Fannie Mae and Freddie Mac have now been in Federal
Governmental conservatorship for 10 years, with no end in
sight and no plan for their future. While the prevailing
political climate is hostile to the agencies continued
existence, there is also a well-justified fear that
terminating them would depress the mortgage market and new
housing construction. The result has been a policy
paralysis.
Given the impasse, the best approach may be to give
the agencies a new mission, one that could be completed in
3-5 years that would command broad agreement on both sides
of the political aisle. This would kick the can further down
the road but it would be a better can when it got there.
The mission would be to reduce mortgage costs. Two major rule changes would figure prominently in their agenda. One would convert third party settlement costs into lender charges. The other would shift the ownership of property appraisals from lenders to borrowers.

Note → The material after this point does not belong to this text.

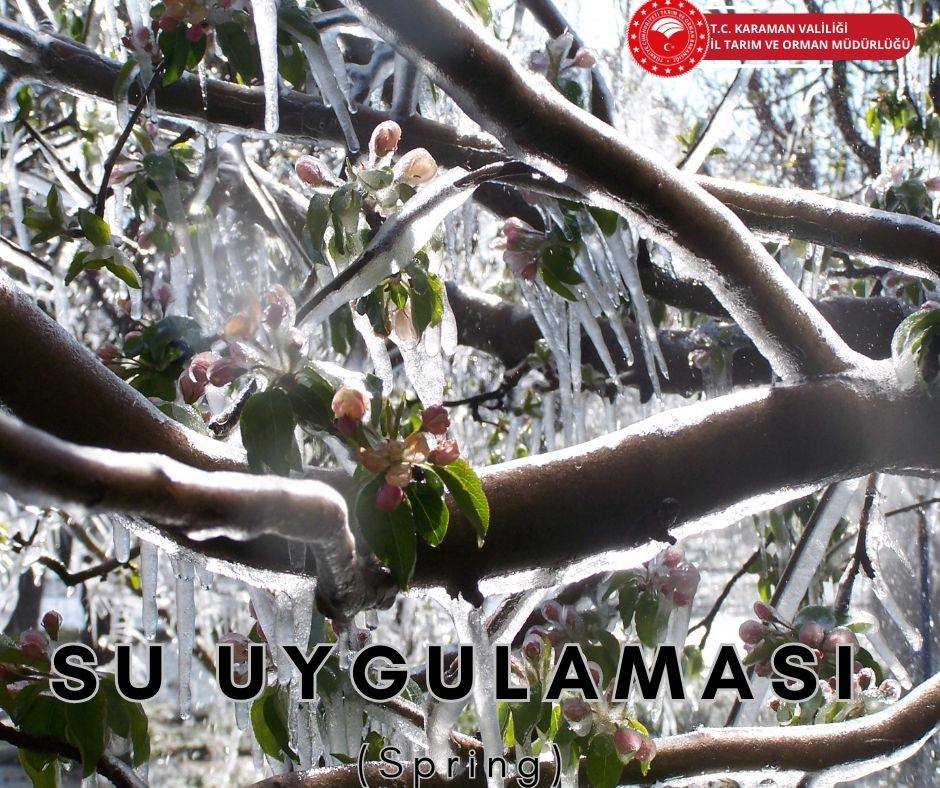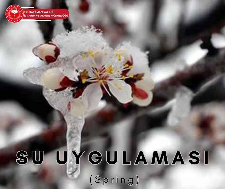 Karaman İl Tarım ve Orman Müdürlüğü'nün konuyla ilgili uyarı ve açıklamaları şu şekilde:"Meyve üreticilerimiz için en büyük risk ilkbahar geç donları olup ilimizde 10-11-12 Nisan 2025 tarihlerinde orta şiddette ve şiddetli don olayı beklenmektedir.Meyve üreticilerimizin don zararından fazla etkilenmemeleri için yararlanabilecekleri farlı yöntemler bulunmaktadır. Su Uygulaması (Spring): Don olayını önlemede en etkin yöntemlerden biri olan bu yöntemde buz yükünü taşıyabilecek bitki üzerine üstten spring veya yağmurlama uygulaması yapılmasıdır. Bu yöntemde bitki su soğuduğu veya donduğu zaman radyasyonla kaybolan ısıyı kazandırmak için eritme ısısını ortama verir. Eğer yaprak veya tomurcuk ince bir su filmi ile kaplanırsa, suyun donmasıyla ısı açığa çıkacak ve bitki sıcaklığının 0 santigrat derecenin altına düşmesi engellenecektir. Bu su filminin olabildiğince sürekliliği sağlanarak buz tabakası oluşması ile ortam sıcaklığı donma noktasının altına düşmesine rağmen bitki sıcaklığı donma noktasının altına düşmeyeceğinden üşüme olmayacaktır. Yağmurlama veya spring işlemi hava sıcaklığının 0 santigrat derecenin üzerine çıkıncaya kadar devam ettirilmelidir. Don Pervanesi Uygulaması: Isı transferinin yoğun olduğu gecelerde hava yüzeye yakın bir yerde soğuk bir tabaka meydana getirir, yerden yukarı çıkıldıkça ise hava normalin aksine ısınır. Bu sebeple üst seviyelerdeki sıcak hava ile zemine yerleşen soğuk hava tabakası don pervaneleri veya fanlar ile karıştırılarak don zararı azaltılacaktır.Dumanlama Makinesi veya ateş yakma suretiyle hava ve bitkinin ısıtılması: Zirai don esnasında rüzgar olmadığından dumanlama makinesi kullanarak oluşturulan yapay duman bulutları ile bitki üzerine soğuk havanın teması engellenebilir. Açık ve soğuk havalarda radyasyon yoluyla yeryüzünden atmosfere giden ısı kaybı çok fazla olmaktadır ve bitkiler don olayına maruz kalmaktadırlar. Isı kaybının en aza indirilmesi için uygun ısıtma ekipmanları kullanmak veya küçük ateşler yakmak gerekmektedir. Bu yöntemle arazilerde veya meyve bahçelerindeki sıcaklıklar belirli ürünler için kritik sıcaklık değerinin üzerinde tutulabilir."

Converting Third Party Settlement
Costs Into Lender Charges
To borrowers, third party settlement costs are a
horrible and unnecessary source of complexity, confusion and
overcharges. Existing attempts to deal with the problem
through government-mandated disclosures, rules against
markups and prohibitions of referral fees have only added to
the complexity of the process without preventing pervasive
overcharges.
Third party settlement costs could be converted
into lender charges by implementation of one simple rule:
any service required by lenders as a condition for the
granting of a home mortgage must be purchased and paid for
by the lender. Lenders would embed these costs in the price
charged the borrower. The borrower would then have to deal
with only one set of prices.
Prices of third party servicers paid by borrowers
indirectly in the price of the mortgage would be
substantially lower than the inflated prices they now pay
directly to third party providers.
Under existing arrangements, competition by third
party providers to sell title insurance, mortgage insurance,
appraisals and other required services is directed not at
the consumers who pay for the services but at the lenders
who refer consumers to them. Lenders use their strategic
position as a referral source to get a piece of the action,
receiving free or underpriced services provided by the
firms to which they refer business, or by participating in
the ownership of such firms.
Bottom line, if lenders had to pay for all the
services they require of borrowers, the price of those
services would drop like a rock. Fannie and Freddie could
bring that about by restricting their purchases to mortgages
that meet the new rule.
Shift Control of Appraisals to
Mortgage Borrowers
In our current housing finance system, appraisals
are issued in the name of the lender to whom a prospective
borrower has applied for a loan, and it is not transferable
to another lender. The second rule change that could be
implemented by Fannie and Freddie would be to vest ownership
of appraisals in the mortgage borrowers who paid for them,
who could use them with any lenders to whom they apply.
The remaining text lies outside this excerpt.